===== DATA SHOWN
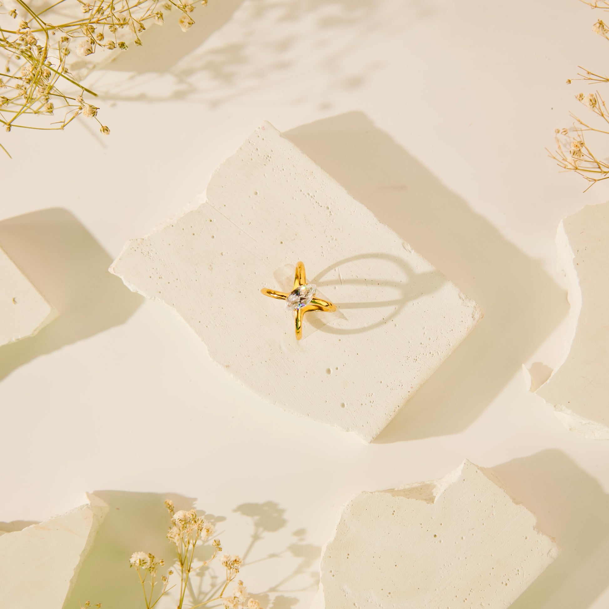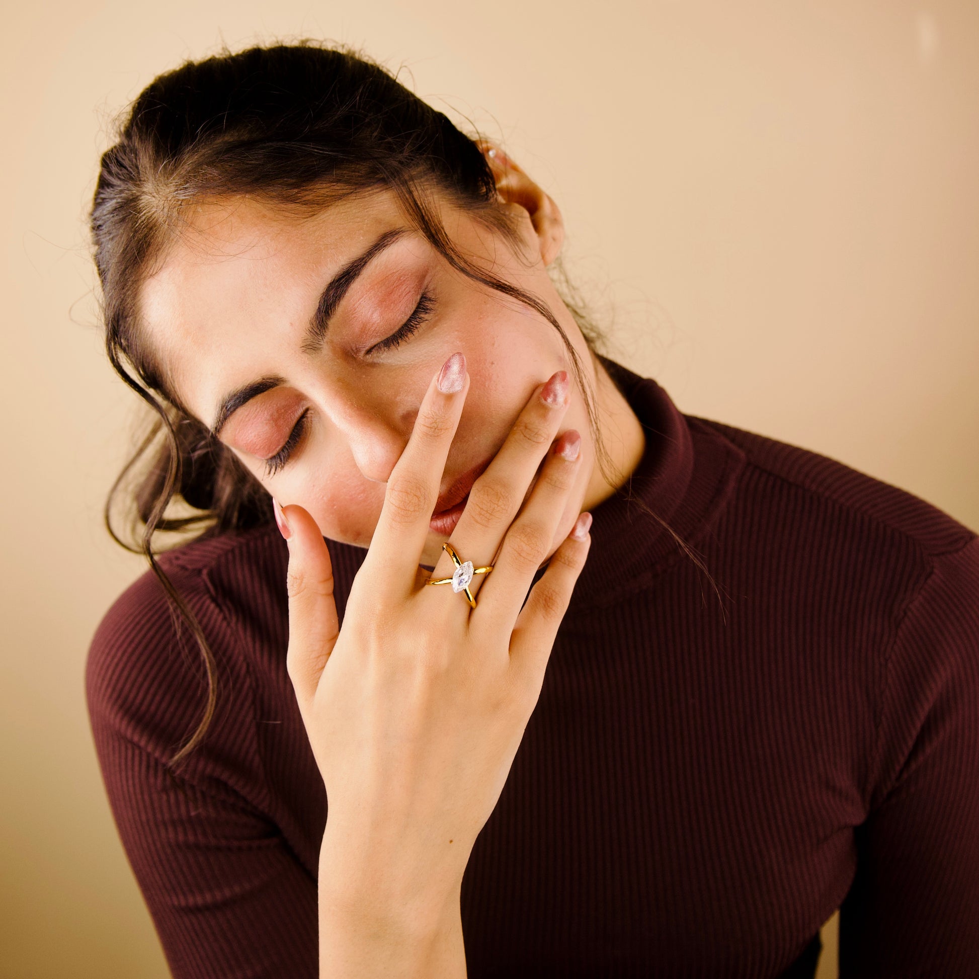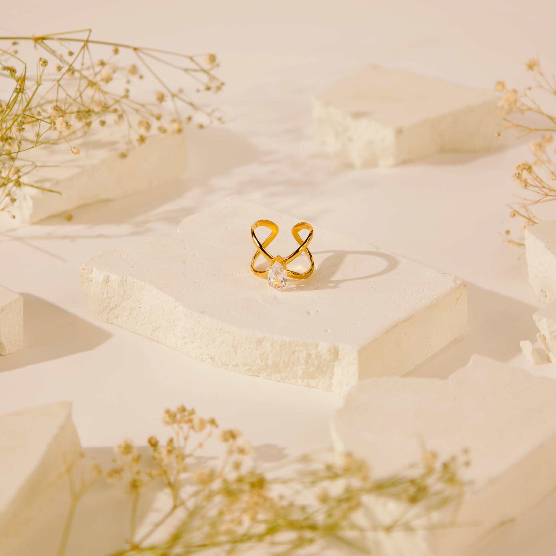 Crafted with 18KT gold plating, this adjustable ring is designed to be waterproof and safe for all skin types.
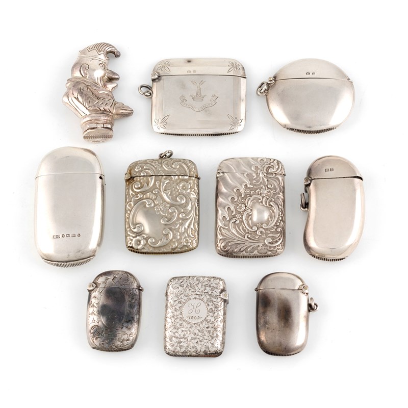 comprising: one by Mappin & Webb, Birmingham 1911, one by Howard James, Birmingham 1884, engraved with a presentation inscription, one by Patterson & Sons Ltd, Birmingham 1911, one by Constantine & Floyd, Birmingham 1894, one by James Deakin & Sons, Chester 1901, a continental one modelled as Mr Punch, plus four other vesta cases, total approx. weight 7.8oz. (10)
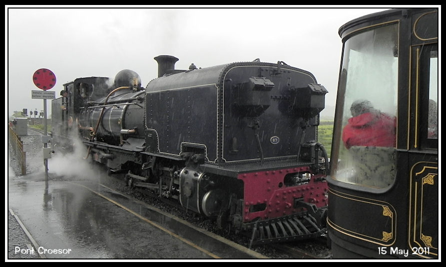 In pouring rain, Welsh Highland Railway Garratt No 87 backs onto the train for Caernarfon
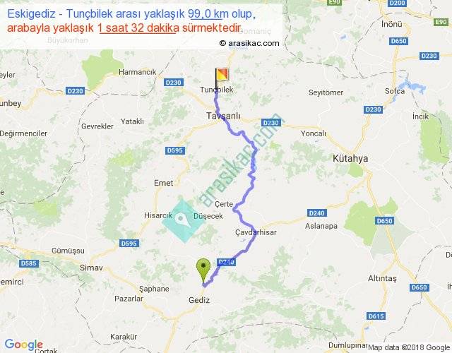 Eskigediz - Tunçbilek arası yaklaşık olarak 90 km/h ile yukarıda belirtilen sürede olup, iki yerin kuş uçuşu uzaklığı (mesafesi) 65'dir. Yolculuk otobüsle 1 saat 59 dakika sürmektedir.
==========
- _ASSIGNMENT_
Set down exactly, line for line, the data from the line that contains "In pouring rain, Welsh" through its last line, keeping pictures out.

- _YOUR RESPONSE_
 In pouring rain, Welsh Highland Railway Garratt No 87 backs onto the train for Caernarfon
 Eskigediz - Tunçbilek arası yaklaşık olarak 90 km/h ile yukarıda belirtilen sürede olup, iki yerin kuş uçuşu uzaklığı (mesafesi) 65'dir. Yolculuk otobüsle 1 saat 59 dakika sürmektedir.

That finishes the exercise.